Accessing UNIX System Services Files

Overview of UNIX System Services

IBM's UNIX System Services (USS) implements a directory-based file system that is very similar to the file systems that are used in UNIX. SAS software under z/OS enables you to read and write UNIX System Services files and to pipe data between SAS and UNIX System Services commands. For information about USS terminology, see HFS, UFS, and zFS Terminology.

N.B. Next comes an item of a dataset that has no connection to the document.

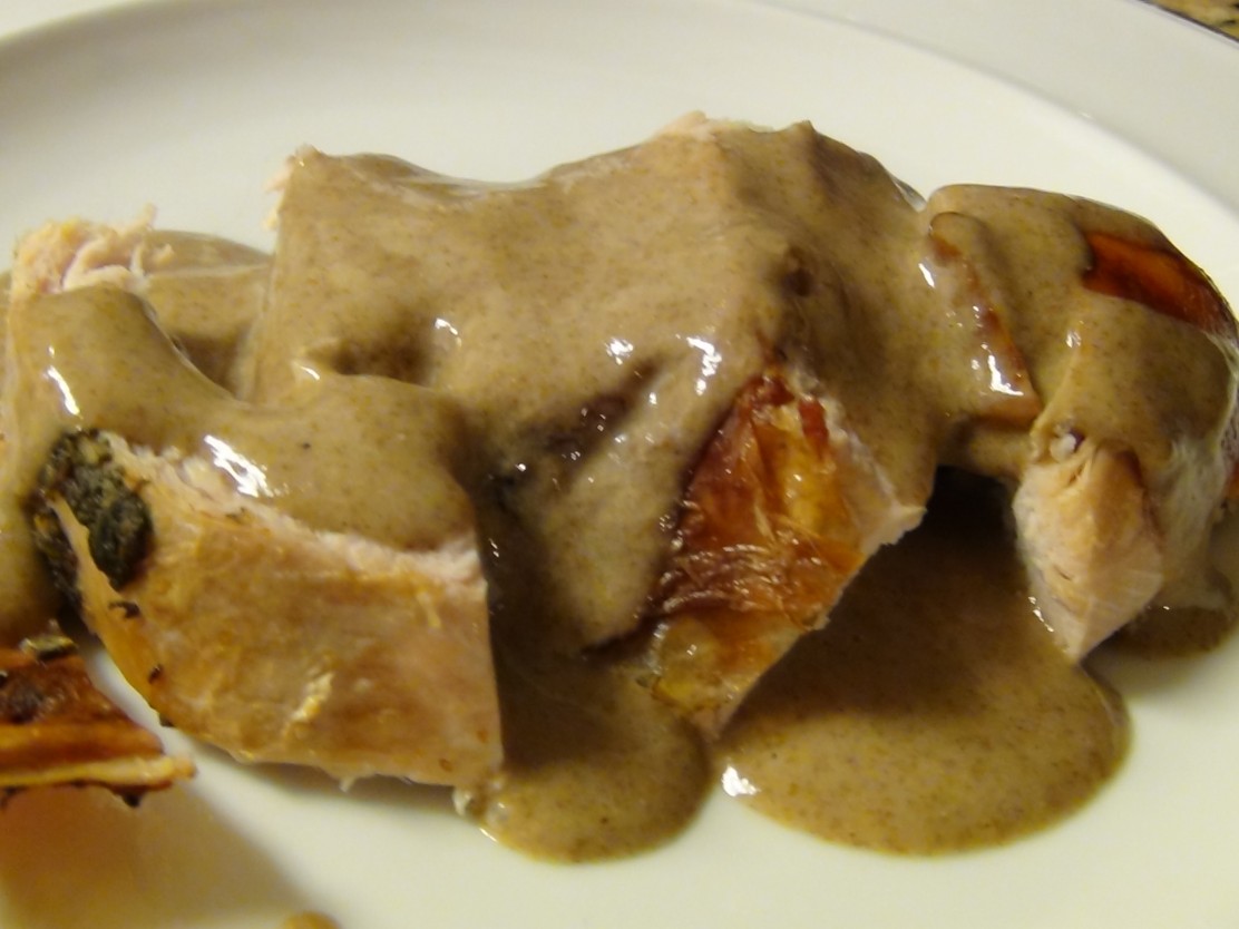 Pictured with Paleo, Gluten Free, Low Carb Chia Seed Gravy Sauce

Allocating UNIX System Services Files

You can allocate a UNIX System Services file either externally (using a JCL DD statement or the TSO ALLOCATE command) or internally (using the SAS FILENAME statement or FILENAME function). For information about allocating USS files externally, see your IBM documentation.
There are four ways to specify that a file is in USS when you use the FILENAME statement or FILENAME function:
  • Include a slash or tilde in the pathname:
    filename input1 '/u/sasusr/data/testset.dat';
    filename input2 '~/data/testset2.dat';
  • Specify HFS (for hierarchical file system) as the file type:
    filename input hfs 'testset.dat';
  • Specify HFS as the file prefix:
    filename input 'HFS:testset.dat';
  • Rely on the setting of the FILESYSTEM= system option:
    options filesystem=HFS;
    filename 'testset.dat';
You can also use these specifications in combination. For example, you can specify the USS file type and use a slash in the pathname.
If you do not specify the entire pathname of a USS file, then the directory component of the pathname is the working directory that was current when the file was allocated, not when the fileref is used. For example, if your working directory was
/usr/local/sasusr
when you allocated the file, then the following FILENAME statement associates the INPUT fileref with the following path:
/usr/local/sasusr/testset.dat
filename input hfs 'testset.dat';
If you change your current working directory to
/usr/local/sasusr/testdata
then the FILENAME statement still refers to
/usr/local/sasusr/testset.dat
not to
/usr/local/sasusr/testdata/testset.dat:
infile input;

Allocating a UNIX System Services Directory

To allocate a USS directory, create the directory if necessary, and then allocate the directory using any standard method, such as a JCL DD statement, a TSO ALLOCATE command, or a FILENAME statement (as shown in Allocating UNIX System Services Files).
To open a particular file in a directory for input or output, you must specify the filename in the SAS INFILE or FILE statement, as described in Accessing a Particular File in a UNIX System Services Directory.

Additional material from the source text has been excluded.